_Exercise prompt_
Before you return the lines below, strip out any images and keep every word as written.

_Data_

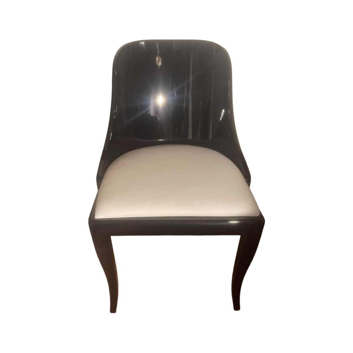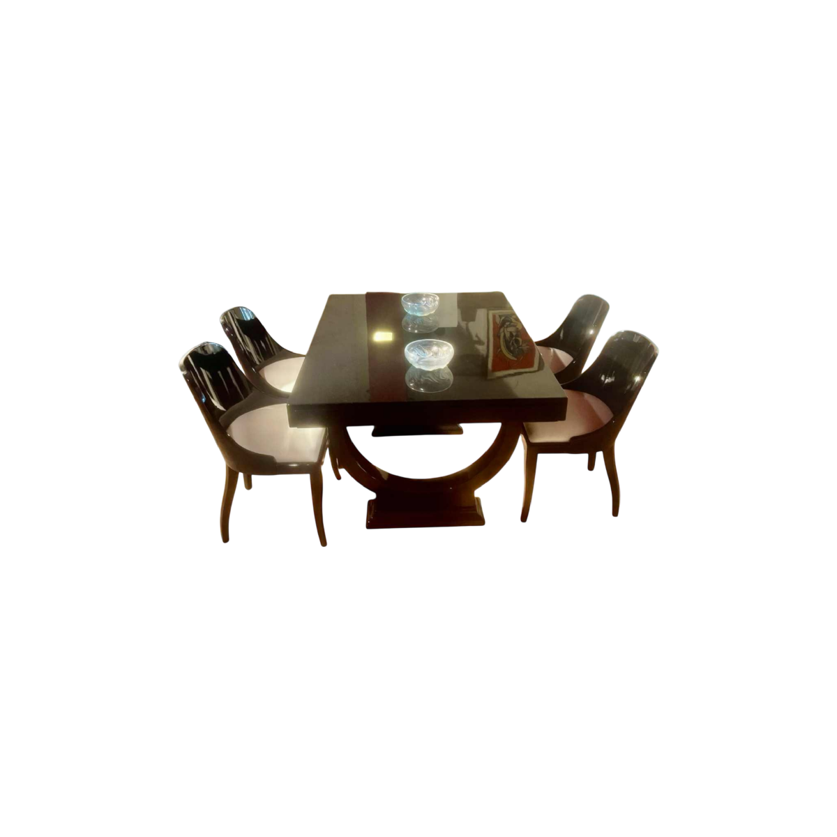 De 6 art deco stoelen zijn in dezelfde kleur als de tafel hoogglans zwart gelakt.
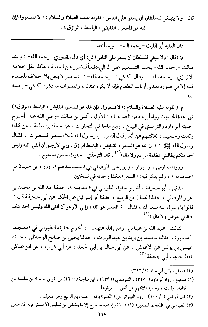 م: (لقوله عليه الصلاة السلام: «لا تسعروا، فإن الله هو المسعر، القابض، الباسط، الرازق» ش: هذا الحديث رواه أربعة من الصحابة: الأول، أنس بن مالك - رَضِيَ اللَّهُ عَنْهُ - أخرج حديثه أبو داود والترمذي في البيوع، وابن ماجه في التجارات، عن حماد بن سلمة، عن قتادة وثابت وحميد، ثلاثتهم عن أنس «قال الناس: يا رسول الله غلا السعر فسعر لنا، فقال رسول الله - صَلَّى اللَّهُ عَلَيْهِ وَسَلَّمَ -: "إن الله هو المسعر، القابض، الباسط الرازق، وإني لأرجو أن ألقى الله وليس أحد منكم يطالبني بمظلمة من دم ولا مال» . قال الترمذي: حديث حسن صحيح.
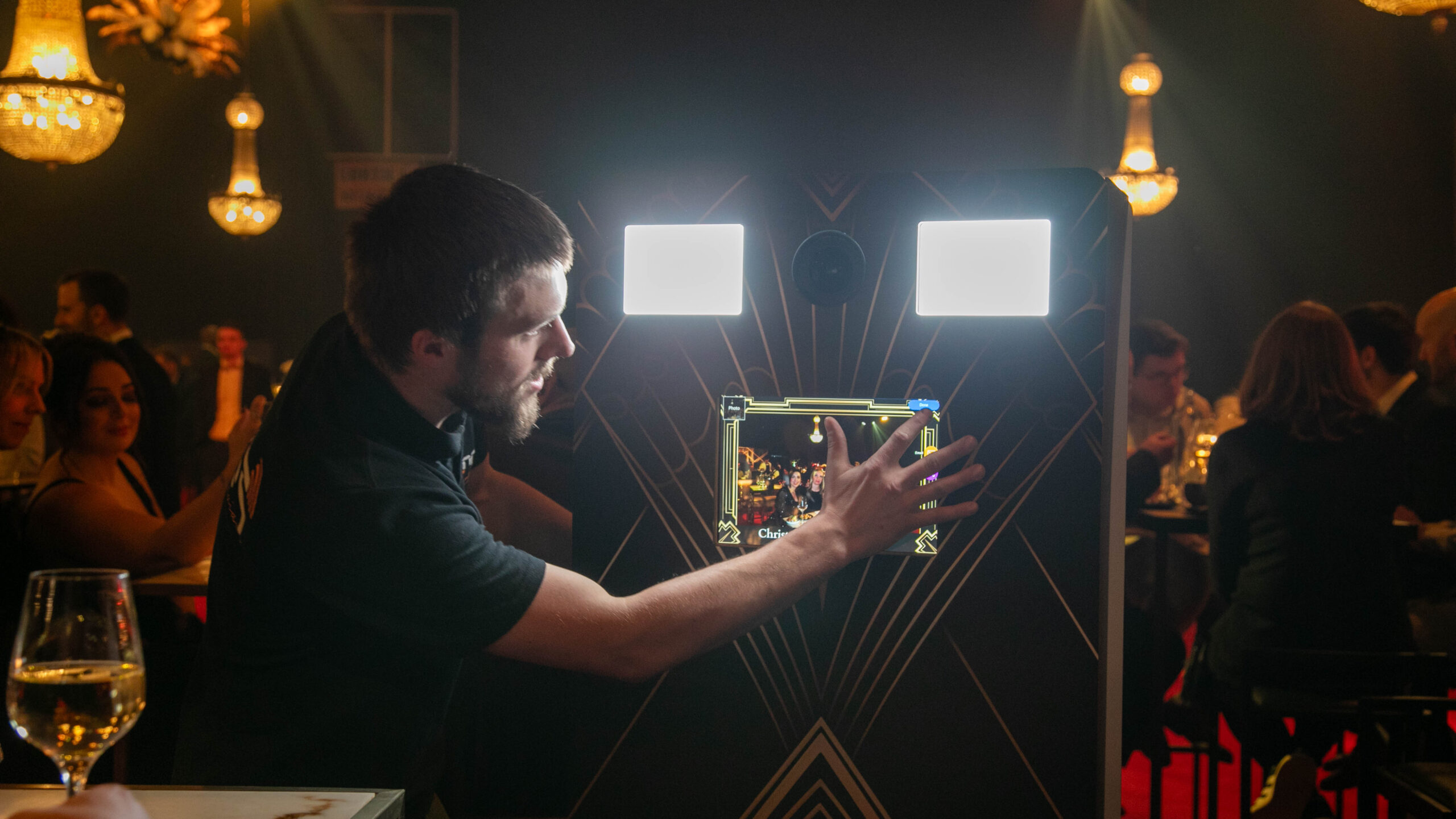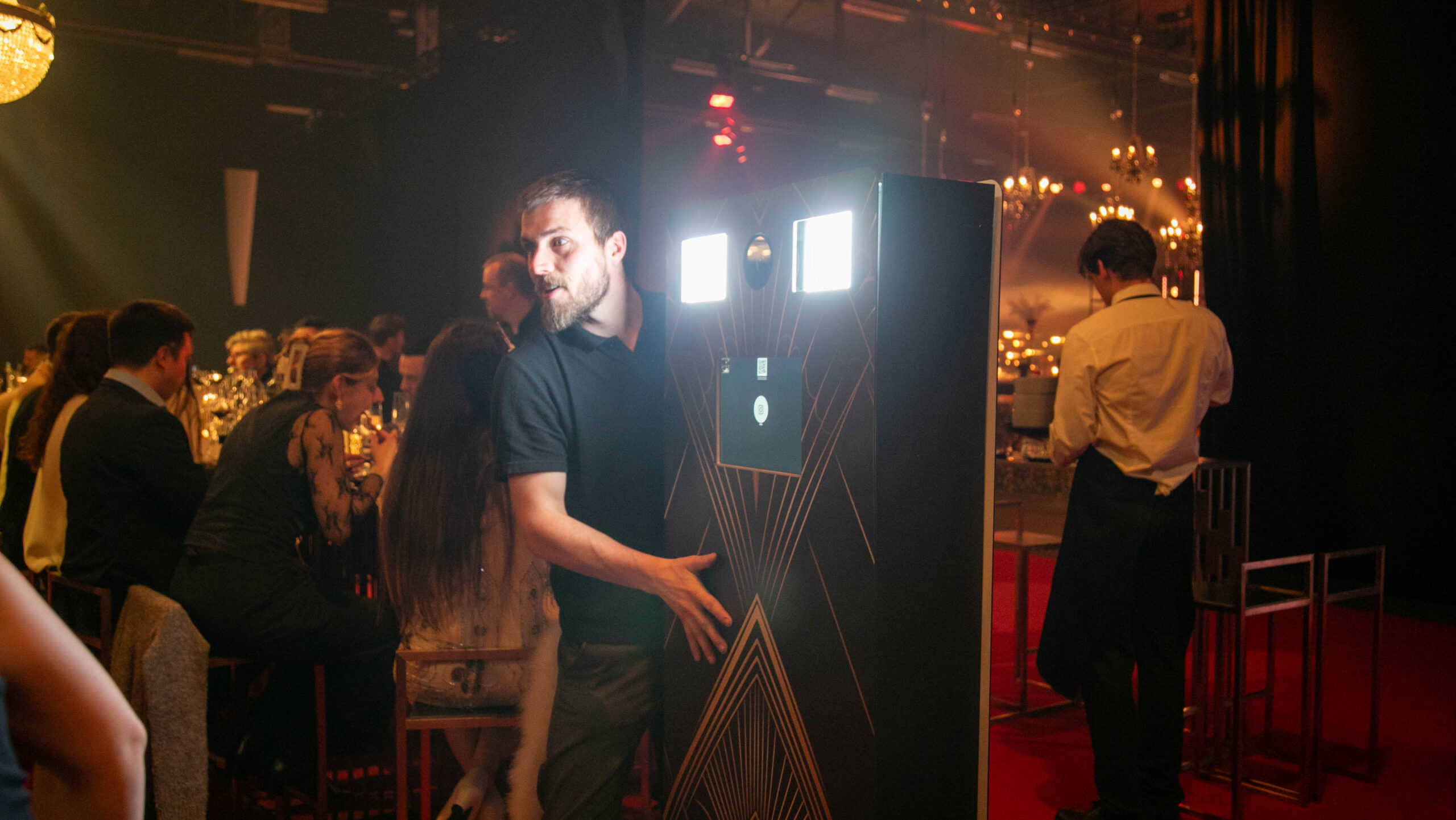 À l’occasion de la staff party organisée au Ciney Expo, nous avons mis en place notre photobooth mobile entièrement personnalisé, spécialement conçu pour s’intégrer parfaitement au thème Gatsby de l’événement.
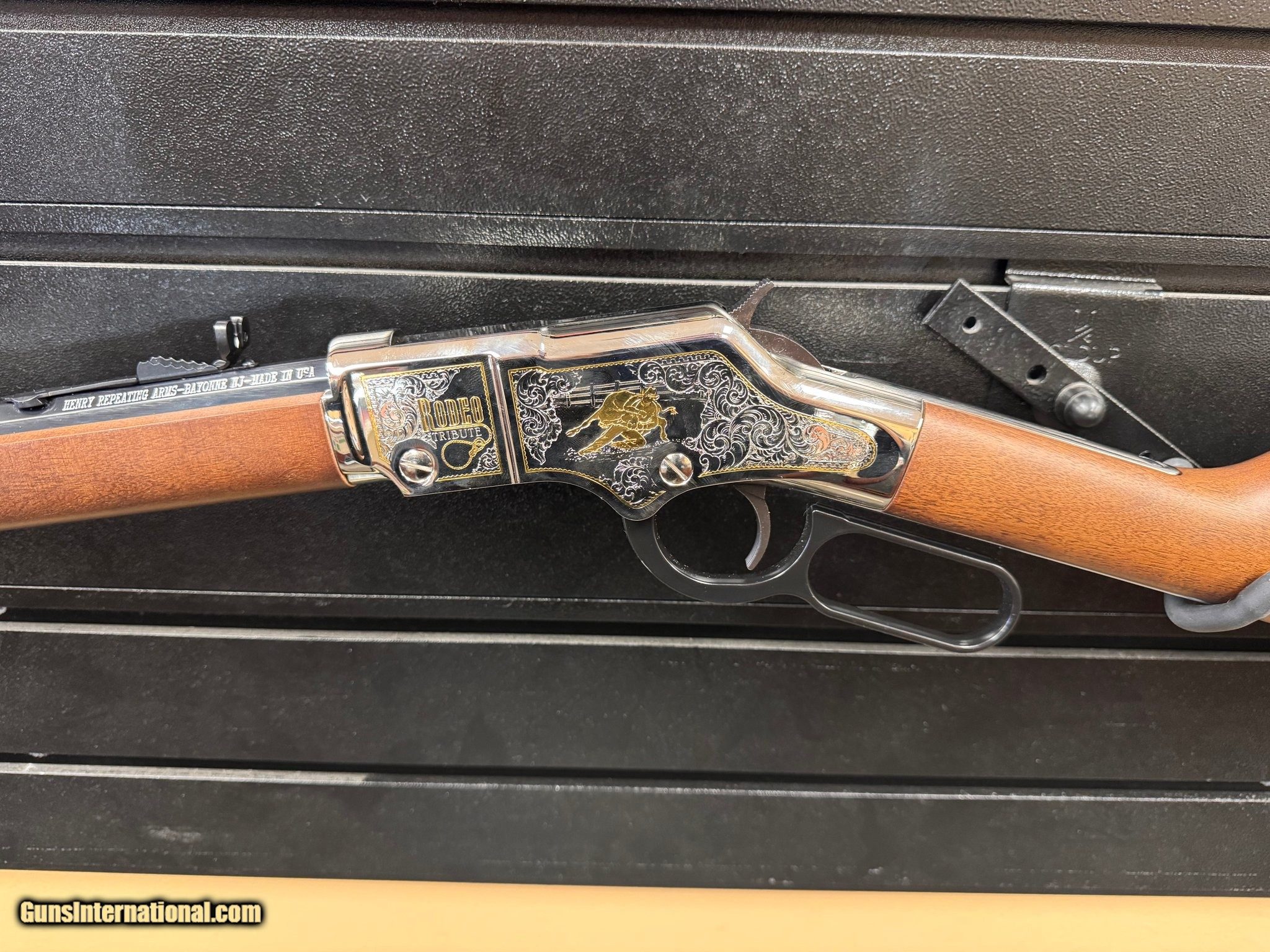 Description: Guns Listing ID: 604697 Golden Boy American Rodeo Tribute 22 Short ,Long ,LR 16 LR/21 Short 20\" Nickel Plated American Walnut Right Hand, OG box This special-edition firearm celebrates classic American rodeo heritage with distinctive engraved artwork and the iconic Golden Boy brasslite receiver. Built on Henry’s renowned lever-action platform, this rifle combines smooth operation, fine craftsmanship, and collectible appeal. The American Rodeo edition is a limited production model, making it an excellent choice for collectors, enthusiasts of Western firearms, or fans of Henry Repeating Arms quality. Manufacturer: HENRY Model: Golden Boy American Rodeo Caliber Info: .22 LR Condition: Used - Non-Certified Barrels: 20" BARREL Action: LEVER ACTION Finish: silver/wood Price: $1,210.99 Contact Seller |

_Written solution_
 De 6 art deco stoelen zijn in dezelfde kleur als de tafel hoogglans zwart gelakt.
 م: (لقوله عليه الصلاة السلام: «لا تسعروا، فإن الله هو المسعر، القابض، الباسط، الرازق» ش: هذا الحديث رواه أربعة من الصحابة: الأول، أنس بن مالك - رَضِيَ اللَّهُ عَنْهُ - أخرج حديثه أبو داود والترمذي في البيوع، وابن ماجه في التجارات، عن حماد بن سلمة، عن قتادة وثابت وحميد، ثلاثتهم عن أنس «قال الناس: يا رسول الله غلا السعر فسعر لنا، فقال رسول الله - صَلَّى اللَّهُ عَلَيْهِ وَسَلَّمَ -: "إن الله هو المسعر، القابض، الباسط الرازق، وإني لأرجو أن ألقى الله وليس أحد منكم يطالبني بمظلمة من دم ولا مال» . قال الترمذي: حديث حسن صحيح.
 À l’occasion de la staff party organisée au Ciney Expo, nous avons mis en place notre photobooth mobile entièrement personnalisé, spécialement conçu pour s’intégrer parfaitement au thème Gatsby de l’événement.
 Description: Guns Listing ID: 604697 Golden Boy American Rodeo Tribute 22 Short ,Long ,LR 16 LR/21 Short 20\" Nickel Plated American Walnut Right Hand, OG box This special-edition firearm celebrates classic American rodeo heritage with distinctive engraved artwork and the iconic Golden Boy brasslite receiver. Built on Henry’s renowned lever-action platform, this rifle combines smooth operation, fine craftsmanship, and collectible appeal. The American Rodeo edition is a limited production model, making it an excellent choice for collectors, enthusiasts of Western firearms, or fans of Henry Repeating Arms quality. Manufacturer: HENRY Model: Golden Boy American Rodeo Caliber Info: .22 LR Condition: Used - Non-Certified Barrels: 20" BARREL Action: LEVER ACTION Finish: silver/wood Price: $1,210.99 Contact Seller |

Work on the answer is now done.